Before the Philadelphia gig, Barat decides to sample the local cuisine, so we head to Jim's Steaks, a venerable Philly cheese-steak shop. Barat is wearing a black leather jacket, a blue scarf and tight black jeans. "You might need a mumble translator with Carl," someone warned me, and it's true; that or subtitles might have been helpful at first. Barat is both hyperarticulate and seemingly unable to speak a complete sentence without using some form of obscure British slang, his voice generally dashing along at low volume and high speed. At the moment, Barat is trying to wrap his mind around the concept of Cheez Whiz: A steak sandwich with onions and Whiz is the most popular item at Jim's. "Looks a bit pox, donnit?"
Barat is from Basingstoke, a grim industrial town that he describes with the question: "Have you seen The Office?" His parents were hippies. After they split up, Barat's father got custody and a proper job, and his mum remained a true believer. "She was mad as a bag of chips," Barat says. "She'd come to my school in a green cape playing a penny whistle." Barat's mother took young Carl to cruise-missile protests and rock festivals, though today, at fifty-five, she's more into techno -- "hard house, actually," Barat clarifies. His time was divided between his father's estate and hippie communes with his mom. "I had my first spliff when I was eight. I first tried Ecstasy when I was twelve. I was surrounded by so much howling-at-the-moon debauchery -- walking in on weird sex scenes with hippies, getting nostrilsful of whatever -- I would long for the tranquillity of my dad's place."
Doherty comes from a more stable background: His father is a British Army officer who recently served in Iraq. Barat met Doherty's sister at Brunel University, in Middlesex, where he was studying drama. Barat had been playing guitar since he was fourteen but was very shy. (Even today, he opens Libertines concerts facing the drummer and rarely engages the audience.) At school, rugby players tormented him and called him Crazy Carlos; they stopped if he played Oasis songs on his acoustic guitar. Doherty, an extrovert who loved attention, persuaded Barat to teach him to play. They formed the Libertines in 1997. "We couldn't get proper gigs at first," bassist John Hassall recalls. "We played weird pubs, old people's homes, kebab shops."
As the band's fame grew, Doherty's use of crack and heroin spiraled out of control. Barat tried to help his friend, even picking him up at prison after the break-in and playing a welcome-back show together that night. But the drug abuse continued. The Libertines are hardly straight-edge -- Hassall had been a junkie, and Barat says he himself developed a "mental addiction to charlie [cocaine] and booze" after the band was signed.

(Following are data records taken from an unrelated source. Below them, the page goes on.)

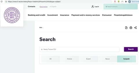 По заявлениям мошенников из Фьючер Икс их управляющая компания зарегистрирована в Эстонии, но как показывают проверки - это ложь, в Эстонии никто не знает о существовании Vesta Future OU.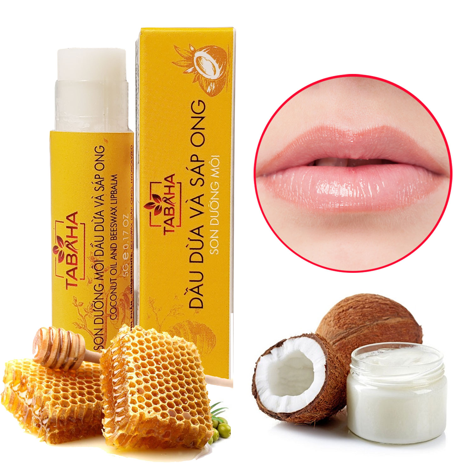 ✨Son Dưỡng Môi Dầu Dừa Và Sáp Ong TABAHA 5g Giảm Thâm Hết Khô Nứt Nẻ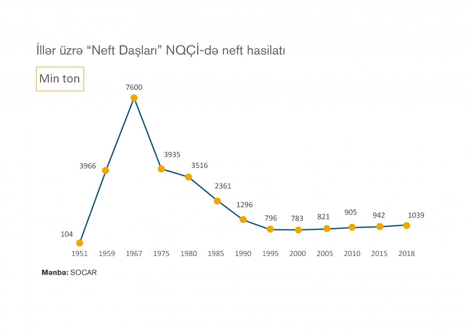 Ötən 70 il ərzində Neft Daşları böyük bir qəhrəmanlıq yolu keçərək nəhəng istehsal-yaşayış kompleksinə çevrilmişdir. Burada indiyədək 1939 quyu qazılmış, 200 kilometrdən çox estakada, 333 istehsal meydançası tikilmiş, 100 kilometrlərlə neft, qaz, su kəmərləri çəkilmiş, işlənmənin əvvəlindən 175,5 milyon ton neft və 14,3 milyard kubmetrdən çox qaz hasil olunmuşdur. Neft Daşları ona bitişik olan “Palçıq pilpiləsi” yatağı ilə birlikdə istismar dövründə Azərbaycanın neft hasilatının təqribən 13 faizini birbaşa təmin etmişdir. Hasilatının pik səviyyəsində - 1967-ci ildə Neft Daşlarında 7,6 milyon ton neft hasil olunmuşdur ki, bu da Azərbaycanın o dövrdə ümumi neft hasilatının 1/3 hissəsi idi. Hazırda Neft Daşlarında istismar fondunda olan 406 quyunun 399-u fəaliyyətdədir, yataq üzrə gündəlik hasilat 3050 ton neft, 300 min kubmetr qaz təşkil edir. Sulaşma göstəricisi 30 faiz təşkil edir ki, bu da işlənmənin son mərhələsində olan yataq üçün kiçik göstəricidir.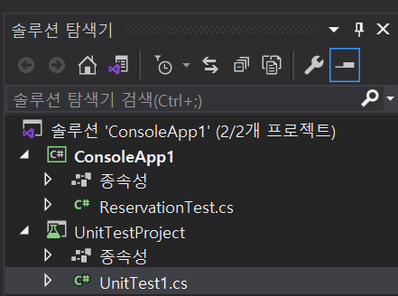 UnitTestProject 종속성 클릭 -> 프로젝트 우클릭 -> 참조추가 -> 테스트할 프로젝트 추가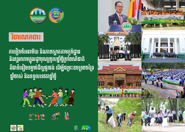 ពិធីបុណ្យចូលឆ្នាំថ្មីប្រពៃណីជាតិ ត្រូវបានប្រារព្ធធ្វើឡើងក្នុងបរិបទ ដែលកម្ពុជាបាននិងកំពុងខិតខំ ជំរុញការអនុវត្តគោល នយោបាយនិងយុទ្ធសាស្រ្តរបស់រាជរដ្ឋាភិបាលកម្ពុជា ក្នុងនោះយុទ្ធសាស្រ្តចក្រាវិស័យបរិស្ថាន ដែលជំរុញឱ្យមានការចូលរួម ដើម្បីធ្វើឱ្យទឹកស្អាត ខ្យល់ស្អាត និងដីស្អាត៕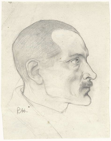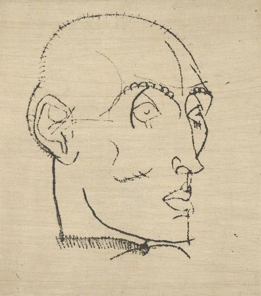Curator: Eric Gill's drawing, titled "Prior of Caldey," presents a profile view, simply rendered with fine lines. Editor: The starkness of the lines against the blank paper creates an atmosphere of monastic austerity. It feels very controlled. Curator: Absolutely. Gill, who explored religious themes throughout his career, here portrays the prior. It’s important to remember Gill's complex relationship with Catholicism and his controversial personal life. Editor: The tonsure is a powerful symbol, representing renunciation and devotion. Its circular shape mirrors the cyclical nature of religious life. Curator: It does speak to the rejection of worldly vanity, but one could also view the tonsure through the lens of power dynamics within religious structures. Editor: Perhaps, but I'm drawn to the way the simplicity of the lines emphasizes the inner character, the weight of responsibility etched on his face. Curator: It’s a potent image, prompting reflection on faith, authority, and the complex relationship between the artist and his subject. Editor: Yes, a very striking piece—Gill captures a certain essence.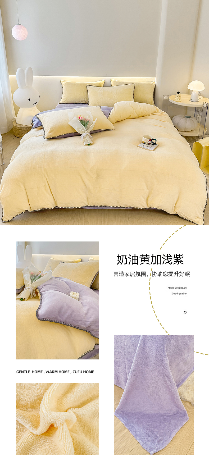 (总)迷仙巢家纺 2023新款双拼牛奶绒四件套,白加卡其,白加天空蓝,奶油黄加焦糖,奶油黄加浅紫,奶油黄加天空蓝,浅绿灰,浅紫加玉,天空蓝加灰,天空蓝加玉,玉加灰,玉加奶油黄
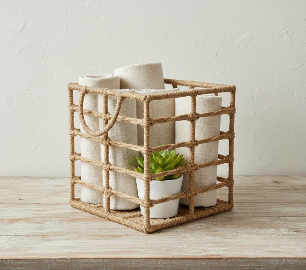 Bulk Natural Jute Rope Square Storage Basket with Metal Frame | Coastal Home Decor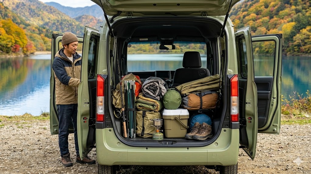N-VANはその広大な室内空間ゆえに、ベッドキットを組んだり、重いキャンプ道具や釣り具、ポータブル電源などを大量に積み込んだりする使い方が定番です。

"Yes, I did come out of a drug problem well before Pete got into his," Barat says. "But I stood by him the entire way. Now, he's utterly cocooned in a world I wouldn't want to have to trudge through. I doubt I could even meet him without all of his harpies around. You know what harpies are? Nasty little winged beasts. People who'll take you straight to hell."

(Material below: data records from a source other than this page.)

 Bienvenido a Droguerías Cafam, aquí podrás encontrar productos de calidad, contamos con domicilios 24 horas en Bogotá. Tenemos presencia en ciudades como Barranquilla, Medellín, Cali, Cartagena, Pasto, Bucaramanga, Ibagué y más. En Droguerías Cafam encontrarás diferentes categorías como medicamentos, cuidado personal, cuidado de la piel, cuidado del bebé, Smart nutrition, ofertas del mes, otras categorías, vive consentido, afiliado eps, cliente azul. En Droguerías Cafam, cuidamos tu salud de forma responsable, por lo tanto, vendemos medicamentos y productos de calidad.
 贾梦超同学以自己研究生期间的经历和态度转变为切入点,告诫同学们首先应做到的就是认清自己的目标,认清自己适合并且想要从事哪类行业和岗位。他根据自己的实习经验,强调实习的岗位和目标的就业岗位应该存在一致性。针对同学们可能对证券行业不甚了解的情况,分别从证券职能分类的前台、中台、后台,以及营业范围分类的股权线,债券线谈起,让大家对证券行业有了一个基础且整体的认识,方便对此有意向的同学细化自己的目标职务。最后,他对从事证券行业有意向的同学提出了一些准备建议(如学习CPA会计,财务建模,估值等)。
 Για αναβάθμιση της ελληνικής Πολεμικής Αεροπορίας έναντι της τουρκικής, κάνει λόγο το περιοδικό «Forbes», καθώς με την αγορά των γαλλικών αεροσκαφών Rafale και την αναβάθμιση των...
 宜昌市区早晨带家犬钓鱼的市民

Doherty, sitting for an interview in the basement office of 1234 Records, the East London label that released the first Babyshambles single, rebuts the band's charges. "Of course, the official reason I'm out of the band right now is because of drugs," he says. "But part of the reason I've been made unwelcome by Carl is that I've been writing songs with other people, and doing Babyshambles with as much, if not more, passion than I was doing the Libertines. The Libertines has just become a big blow-up doll. If it's not me and Carl together, then it's not the Libertines. It's just a big con."

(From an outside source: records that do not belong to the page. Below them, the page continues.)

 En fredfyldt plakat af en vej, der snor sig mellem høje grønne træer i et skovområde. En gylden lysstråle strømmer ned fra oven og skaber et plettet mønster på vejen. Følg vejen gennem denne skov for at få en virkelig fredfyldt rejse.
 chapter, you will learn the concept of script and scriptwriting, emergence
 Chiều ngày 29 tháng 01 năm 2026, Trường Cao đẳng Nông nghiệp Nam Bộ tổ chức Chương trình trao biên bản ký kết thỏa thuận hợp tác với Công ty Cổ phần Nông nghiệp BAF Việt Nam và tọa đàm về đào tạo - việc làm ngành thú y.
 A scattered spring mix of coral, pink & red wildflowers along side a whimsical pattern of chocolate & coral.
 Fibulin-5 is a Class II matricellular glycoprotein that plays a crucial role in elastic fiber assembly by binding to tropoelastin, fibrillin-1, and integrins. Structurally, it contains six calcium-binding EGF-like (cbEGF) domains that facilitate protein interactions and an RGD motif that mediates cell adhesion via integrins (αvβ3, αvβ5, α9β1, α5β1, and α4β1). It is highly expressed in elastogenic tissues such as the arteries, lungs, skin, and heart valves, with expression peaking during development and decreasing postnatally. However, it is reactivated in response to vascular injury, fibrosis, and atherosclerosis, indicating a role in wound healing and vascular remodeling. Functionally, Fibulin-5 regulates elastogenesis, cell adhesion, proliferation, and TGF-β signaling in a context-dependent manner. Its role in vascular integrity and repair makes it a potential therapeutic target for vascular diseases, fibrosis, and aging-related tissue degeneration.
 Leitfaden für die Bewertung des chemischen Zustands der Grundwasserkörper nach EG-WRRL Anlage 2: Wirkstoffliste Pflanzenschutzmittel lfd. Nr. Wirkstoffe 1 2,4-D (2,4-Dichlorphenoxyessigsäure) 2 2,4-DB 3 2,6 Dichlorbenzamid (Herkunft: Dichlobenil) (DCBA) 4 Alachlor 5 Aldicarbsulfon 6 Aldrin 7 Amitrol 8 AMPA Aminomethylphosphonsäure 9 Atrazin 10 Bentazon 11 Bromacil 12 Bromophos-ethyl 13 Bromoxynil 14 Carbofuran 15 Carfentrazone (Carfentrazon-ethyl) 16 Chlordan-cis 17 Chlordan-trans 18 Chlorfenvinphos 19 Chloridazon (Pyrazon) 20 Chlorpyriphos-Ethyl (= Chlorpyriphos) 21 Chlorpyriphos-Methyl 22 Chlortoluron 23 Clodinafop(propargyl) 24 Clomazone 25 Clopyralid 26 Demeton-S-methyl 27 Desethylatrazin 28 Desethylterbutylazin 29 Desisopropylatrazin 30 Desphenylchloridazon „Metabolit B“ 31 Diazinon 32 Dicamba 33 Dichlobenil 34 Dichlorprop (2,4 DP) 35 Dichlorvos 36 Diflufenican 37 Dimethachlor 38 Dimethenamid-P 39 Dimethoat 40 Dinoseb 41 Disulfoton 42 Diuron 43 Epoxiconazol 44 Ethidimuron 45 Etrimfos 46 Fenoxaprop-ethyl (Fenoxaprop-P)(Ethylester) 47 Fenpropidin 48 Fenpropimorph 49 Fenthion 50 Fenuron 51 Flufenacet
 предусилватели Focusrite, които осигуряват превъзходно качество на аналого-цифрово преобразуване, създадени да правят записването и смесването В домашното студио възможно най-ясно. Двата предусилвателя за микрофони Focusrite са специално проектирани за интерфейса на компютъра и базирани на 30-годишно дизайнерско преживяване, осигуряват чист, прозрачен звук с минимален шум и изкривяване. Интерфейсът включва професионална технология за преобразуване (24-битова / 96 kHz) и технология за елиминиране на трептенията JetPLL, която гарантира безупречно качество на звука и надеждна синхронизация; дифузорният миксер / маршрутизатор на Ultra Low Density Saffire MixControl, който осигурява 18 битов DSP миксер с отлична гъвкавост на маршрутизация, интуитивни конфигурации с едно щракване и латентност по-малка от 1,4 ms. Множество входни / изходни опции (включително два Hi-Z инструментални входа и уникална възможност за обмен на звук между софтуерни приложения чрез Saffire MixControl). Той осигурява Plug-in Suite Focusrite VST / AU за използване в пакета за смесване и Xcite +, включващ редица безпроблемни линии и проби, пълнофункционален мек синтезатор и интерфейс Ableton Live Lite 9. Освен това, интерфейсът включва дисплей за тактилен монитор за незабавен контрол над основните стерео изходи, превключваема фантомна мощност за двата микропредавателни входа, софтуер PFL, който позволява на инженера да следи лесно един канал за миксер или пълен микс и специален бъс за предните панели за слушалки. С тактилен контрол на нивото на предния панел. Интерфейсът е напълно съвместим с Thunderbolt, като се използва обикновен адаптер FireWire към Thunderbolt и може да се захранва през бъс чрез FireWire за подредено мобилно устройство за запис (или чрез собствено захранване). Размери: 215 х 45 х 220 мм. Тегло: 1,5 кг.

Though Doherty is well-dressed, in a spikey-hair, elegantly wasted sort of way, he does not look well. His complexion is pasty, and he has trouble sitting still, at one point going upstairs to buy a Coke and fifteen energy bars. Still, he's soft-spoken and quite intelligent, if easily distracted. It's difficult to say how much of his spaced-out demeanor is natural and how much is drug-related.
"Alan McGee [the Libertines' manager] said, 'But you promised you'd give up drugs,' " Doherty continues. "Which is a ridiculous thing to say. I'd never make a promise like that. I could only try my hardest."
Doherty holds up a finger, which sports a nasty-looking scab. The Babyshambles' manager, as if he's done this a million times, quickly produces a tube of antiseptic ointment.
"It's, like, I've cut my finger," Doherty says. "It's nasty, quite deep and it's probably infected. But it will heal in time. Even if it's a nasty gash, it'll heal."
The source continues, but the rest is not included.